In [28]:
from experiment_project.utils.initial.util import init_sys_env
from experiment_project.utils.files.read import read_yaml
import dspy
from dspy.teleprompt import BootstrapFewShot

from dspy.datasets.gsm8k import GSM8K, gsm8k_metric
secret_env_file = 'env_secret_config.yaml'

api_configs = read_yaml(secret_env_file)
model_config = api_configs.get('openai')
turbo = dspy.OpenAI(model=model_config.get('model'), max_tokens=1024,api_key=model_config.get('api_key'))
dspy.settings.configure(lm=turbo)


In [29]:
# 构建训练数据集
trainset = [
    {"question": "中国的首都是哪里？", "answer": "北京"},
    {"question": "《红楼梦》的作者是谁？", "answer": "曹雪芹"},
    {"question": "太阳系中最大的行星是什么？
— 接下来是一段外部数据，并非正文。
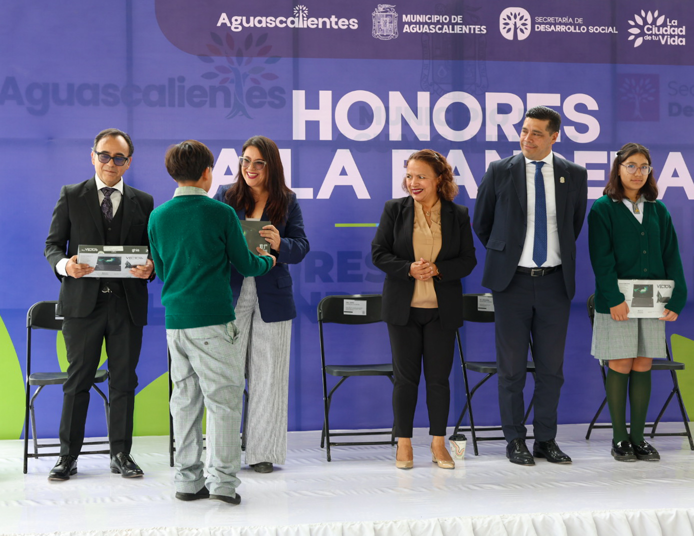 Durante la ceremonia, se realizó la entrega de material deportivo para que los alumnos cuenten con las herramientas necesarias para practicar deportes; asimismo, se reconocieron a Esther Solís Cisneros de 1º A, Ally Daniela Palos Silva de 1º B, Ricardo Gómez Hernández, de 1º C y a Iker Sebastián Fernández Esparza de 2º A, como los mejores promedios de la escuela, a quienes se les entregó un dispositivo tecnológico.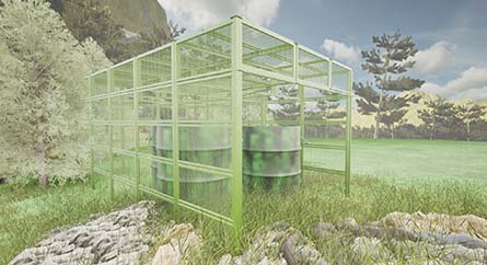 Пример использования мобильных укрытий для защиты топливных бочек, цистерн и других ёмкостей. Дополнительно могут быть установлены запираемые ворота или калитки.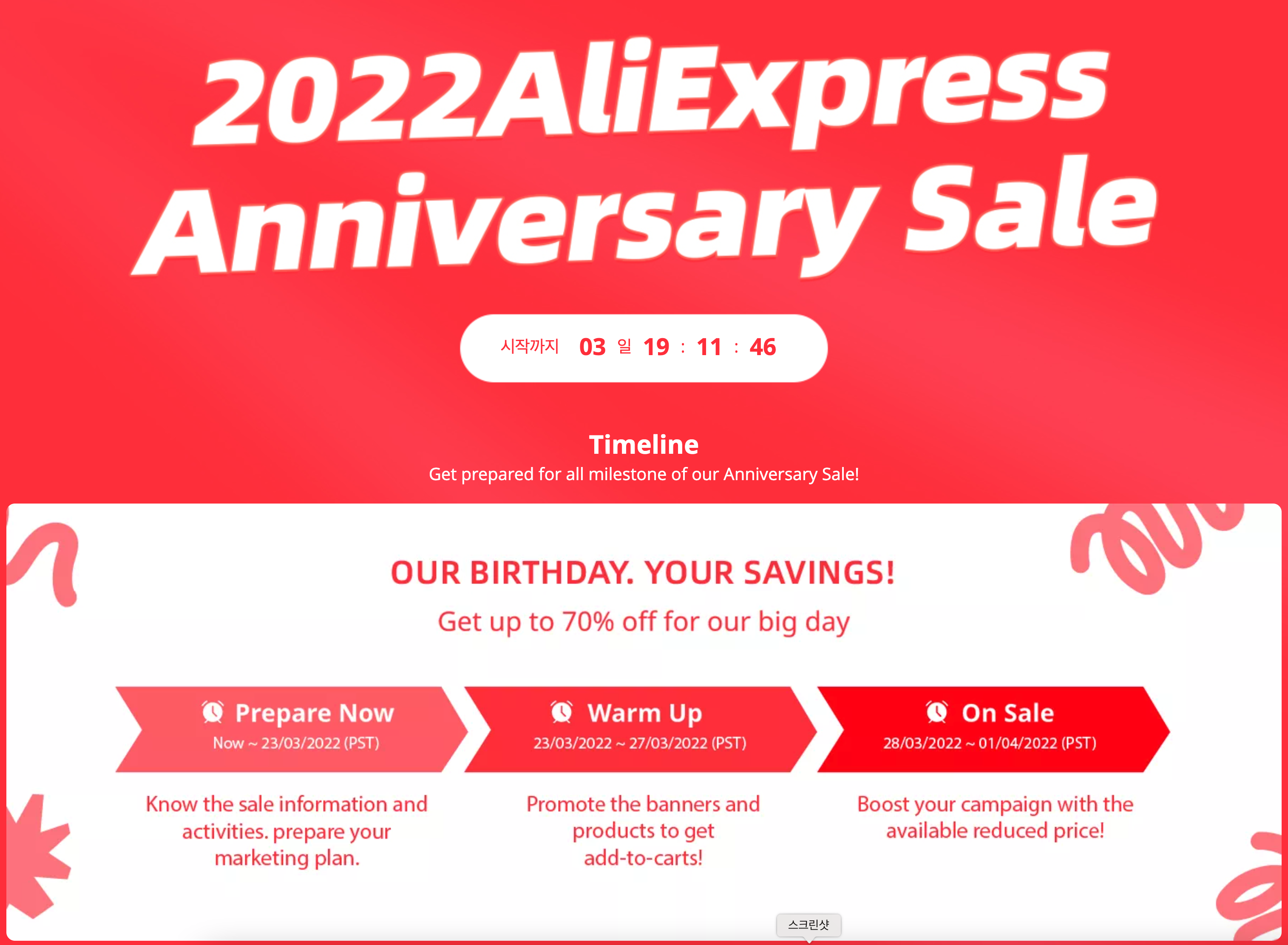 알리 익스프레스는 두세 달에 한 번 정도 중국/글로벌 시즌에 맞춰 할인 행사를 개최하지만 다음 주, 3월 28일부터 시작하는 AliExpress Annivsersary Sale은 알리 생일 축하 세일이죠!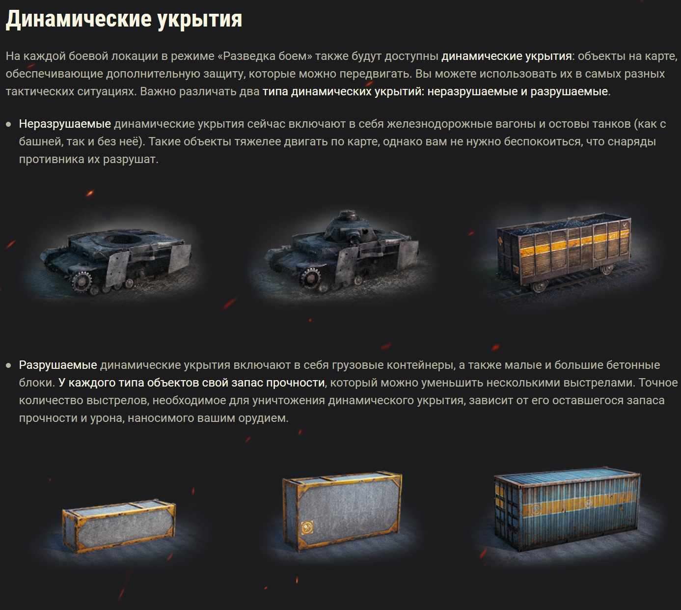 • Indestructible dynamic shelters now include railcars and tank wrecks (both with and without turrets). Such objects are harder to move around the map, but you don’t have to worry about enemy projectiles destroying them.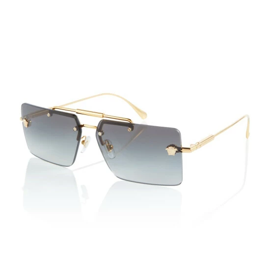 Inspired by Greek mythology, the Medusa head has become the ultimate signifier of the house of Versace. This frameless style has browline detailing and the signature motif on the rectangular lenses.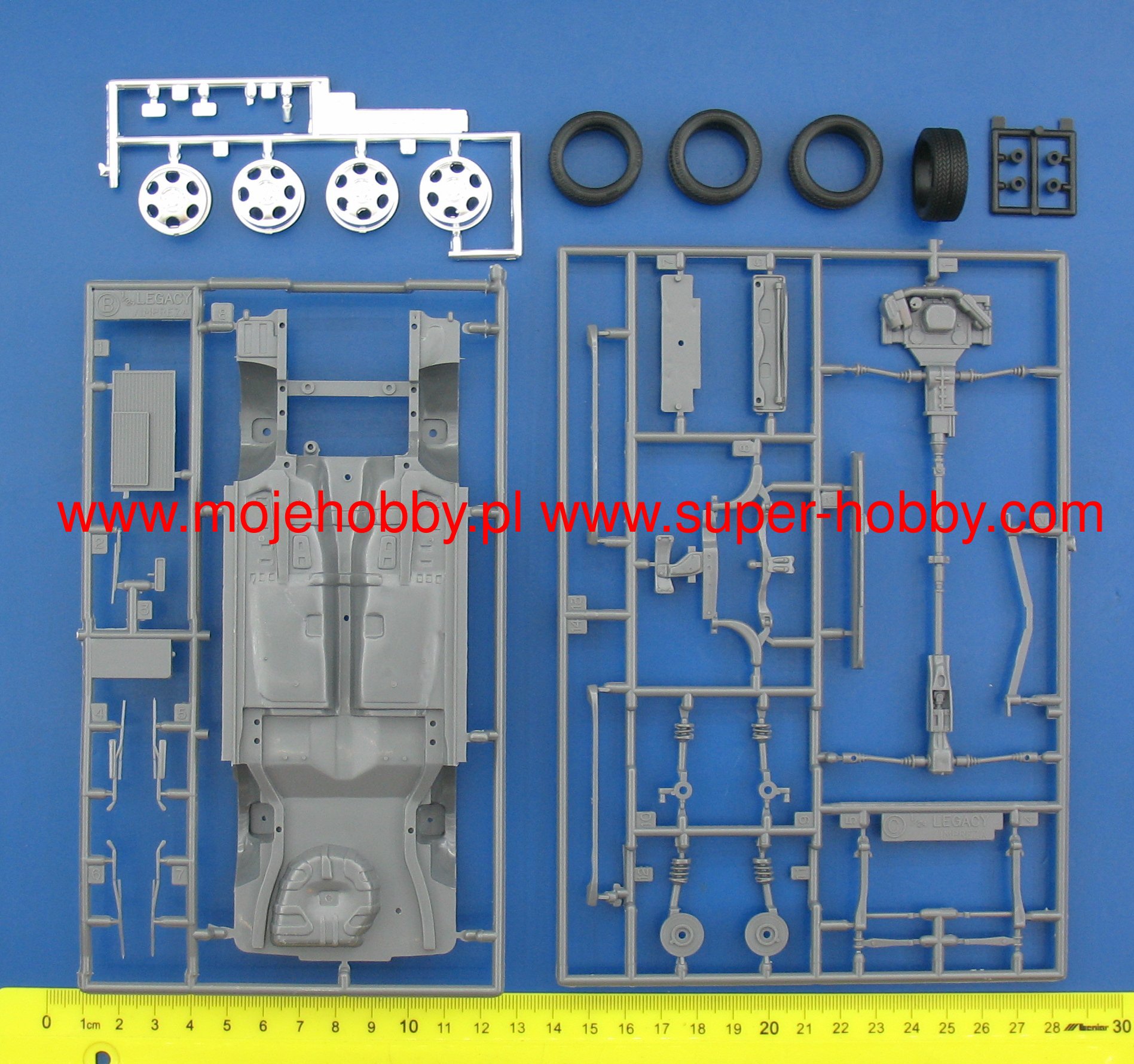 Subaru Legacy (w Australii i Nowej Zelandii znany jako Liberty) to japoński samochód osobowy klasy średniej, który został po raz pierwszy zaprezentowany szerokiej publiczności w 1989 roku. Jego produkcja seryjna wystartowała w tym samym roku i trwa nadal. W jej toku auto było i jest wytwarzane w miastach: Ota w Japonii oraz Lafayette w USA. Model Legacy został opracowany i wdrożony do produkcji w celu poszerzenia oferty handlowej koncernu Fuji Heavy Industries (znanego pod nazwą Subaru) oraz w celu nawiązania walki rynkowej zwłaszcza w Stanach Zjednoczonych z takimi samochodami jak Toyota Camry czy Nissan Altima. W toku produkcji seryjnej powstało sześć generacji tego modelu. Najnowsza z nich, została zaprezentowana w czasie Chicago Motor Show w 2014 roku. Jest ona ewolucyjnym rozwinięciem V generacji w dziedzinie stylistyki karoserii, natomiast design wnętrza stał się znacznie bardziej konserwatywny. Wóz jest oferowany z dwoma wersjami silnika: o pojemności 2,5 i 3,6 litra. Co oprócz modelu będę potrzebować do jego sklejenia?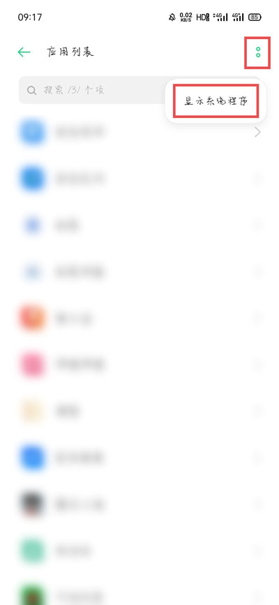 3、之后也可以看到手机所有的应用程序,点击右上角的两个点,选择【显示系统程序】;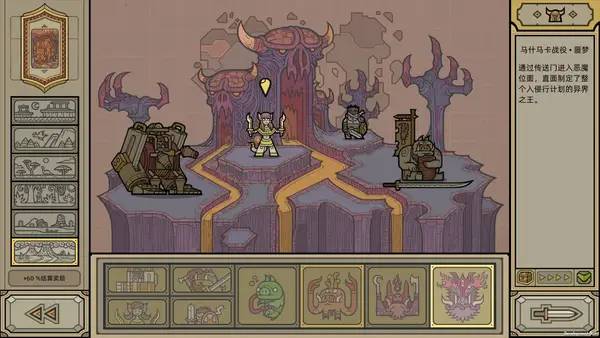 Геймплей выполнен в форме перемещения по карте, где каждый шаг диктует развитие событий. Перед основными сражениями вас ждут три уровня обучения с наставником: первый — научит вас драться и использовать навыки, второй — управлять армией, а третий — работу с рунами и их влиянием на бой. В игре доступны различные типы существ: танкующие, наносящие урон и поддерживающие, а также герои, способные лечить себя и товарищей с помощью еды из инвентаря. Постепенное повышение уровня «лидерства» позволяет привлекать более сильных наемников высокого ранга.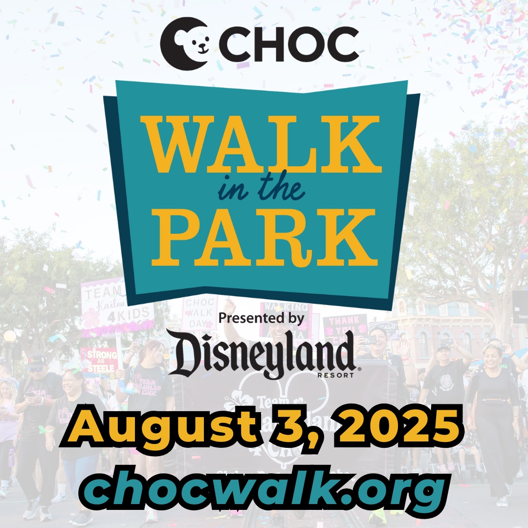 CHOC Walk In the Park 2025 will take place on the morning of Sunday, August 3rd at Disneyland Resort. For additional information, to register your own team for the walk, or simply help meet the fundraising goal, be sure to visit the official CHOC Walk website.
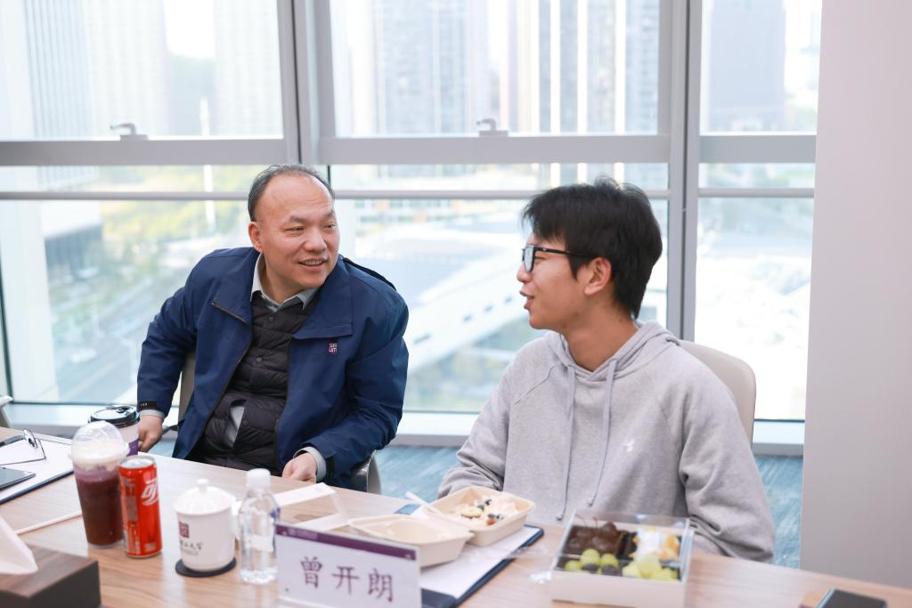 2月2日,深圳理工大学党委书记朱迪俭、学生事务处处长李明与2025级本科生曾开朗、卢俞充、白子正、何志远开展生涯导师交谈会,在轻松愉快的交流氛围中倾听学子心声,共话学业规划与未来发展方向。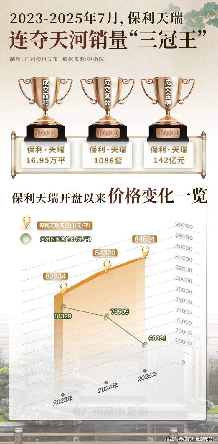 保利天瑞新房价格稳中有升,自2023年至今始终保持天河销量、网签面积及成交金额的领先地位,稳居区域销冠。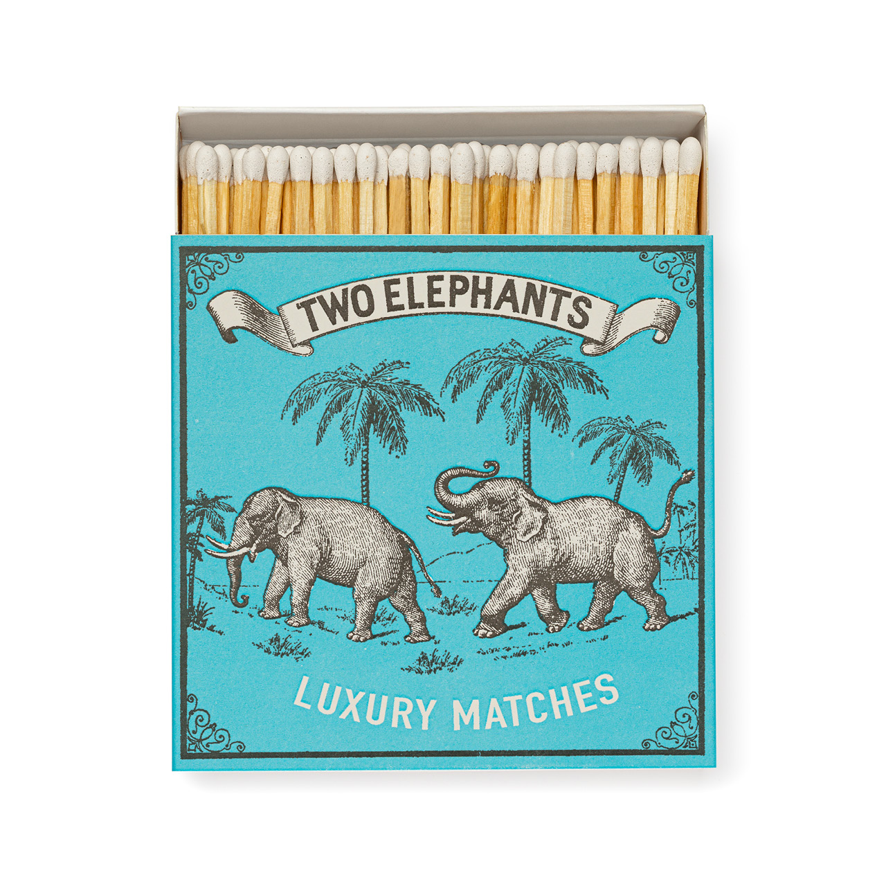 Kvadratisk tändsticksask i vacker design. Denna ask har ett fint motiv av elefanter.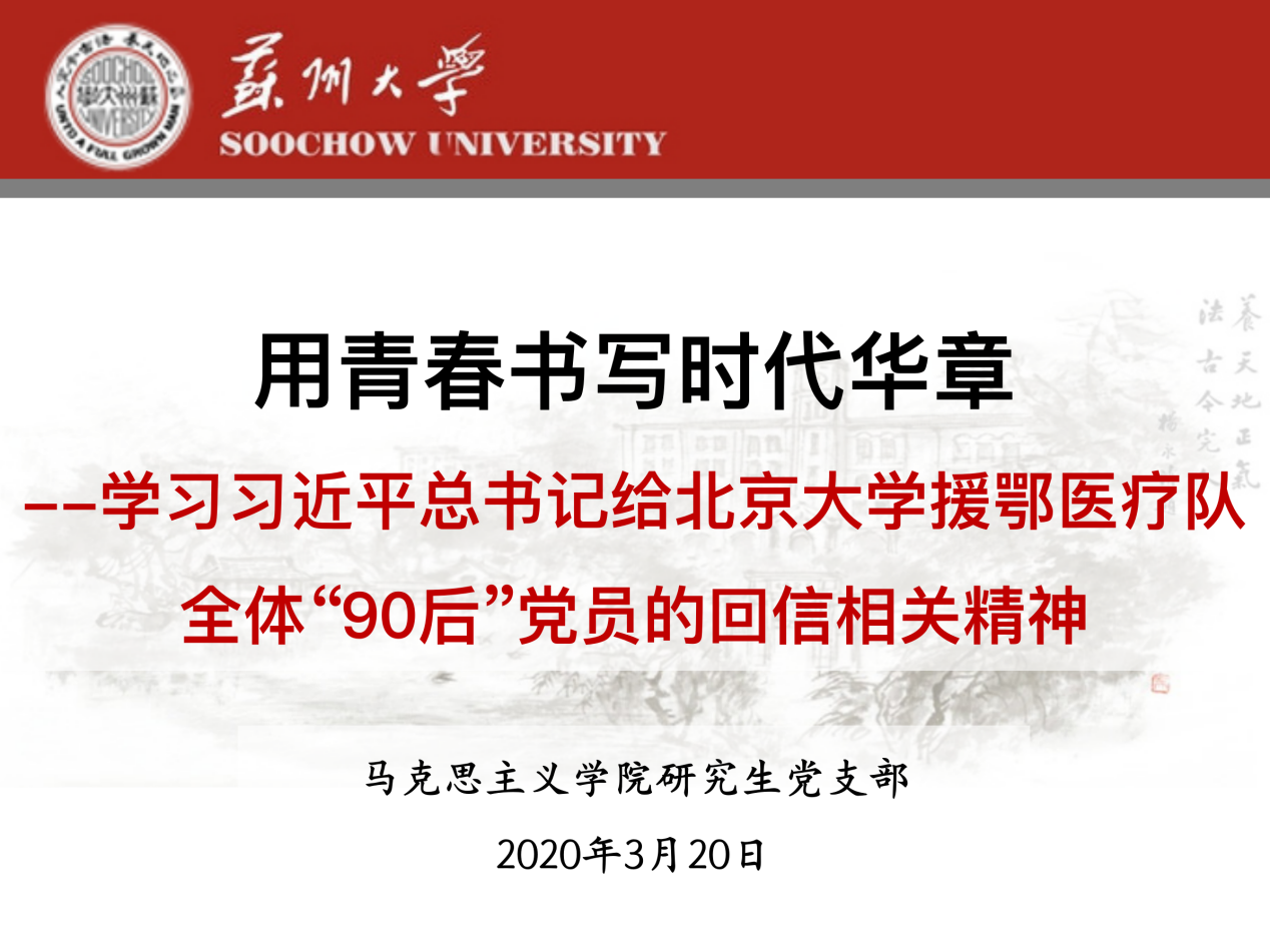 自新冠肺炎疫情防控的人民战争、总体战、阻击战打响以来,无数党员青年以高度的时代使命感和强烈的社会责任感奔赴一线,勇敢逆行,为保护人民生命健康,控制疾病扩散贡献了磅礴青春力量。习近平总书记3月15日给北京大学援鄂医疗队全体“90后”党员回信,向他们和奋斗在疫情防控各条战线上的广大青年致以诚挚的问候。为全面深刻领会习近平总书记的回信精神,认真学习一线抗疫青年的优秀感人事迹,进一步增强党员青年的党性修养和家国情怀,苏州大学马克思主义学院研究生党支部于3月20日在“学习强国”平台在线开展了“用青春书写时代华章——学习习近平总书记给北京大学援鄂医疗队全体‘90后’党员回信相关精神”主题党日活动。本次党日活动由青年与文体委员周心欣主持。

", "answer": "木星"},
    {"question": "水的沸点是多少摄氏度？", "answer": "100度"},
    {"question": "蒙娜丽莎的画家是谁？", "answer": "达芬奇"},
    {"question": "最小的质数是什么？", "answer": "2"},
    {"question": "金的化学符号是什么？", "answer": "Au"},
    {"question": "特斯拉的CEO是谁？", "answer": "埃隆·马斯克"},
]

# 构建验证数据集
devset = [
    {"question": "德国的首都是哪里？", "answer": "柏林"},
    {"question": "《1984》的作者是谁？", "answer": "乔治·奥威尔"},
    {"question": "地球上最大的海洋是什么？", "answer": "太平洋"},
    {"question": "水的冰点是多少摄氏度？", "answer": "0度"},
    {"question": "《星夜》的画家是谁？", "answer": "梵高"},
]
trainset = [dspy.Example(i).with_inputs('question') for i in trainset]
devset = [dspy.Example(i).with_inputs('question') for i in devset]

In [19]:
# # 构建训练数据集
# trainset = [
#     {
#         "question": "为什么清王朝会灭亡？",
#         "answer": "多种原因，包括内部腐败、外部侵略和农民起义。",
#         "chain_of_thought": "清王朝在19世纪面临严重的内部腐败问题，官员贪污腐败导致国家治理能力下降。同时，外部列强的侵略使得清政府签订了一系列不平等条约，国力进一步衰弱。最后，农民起义如太平天国运动进一步动摇了清政府的统治基础，最终导致清王朝的灭亡。"
#     },
#     {
#         "question": "为什么二战中德国没有胜利？",
#         "answer": "多种原因，包括战略错误、资源不足和盟军的强大反攻。",
#         "chain_of_thought": "德国在二战中犯了多次战略错误，如进攻苏联导致两线作战，严重消耗了德国的军力和资源。同时，德国的资源不足以支撑长期战争，特别是在盟军的海上封锁下，物资供应极为困难。最后，盟军的强大反攻，如诺曼底登陆和苏联的东线反攻，彻底击溃了德国的抵抗力量，导致德国的失败。"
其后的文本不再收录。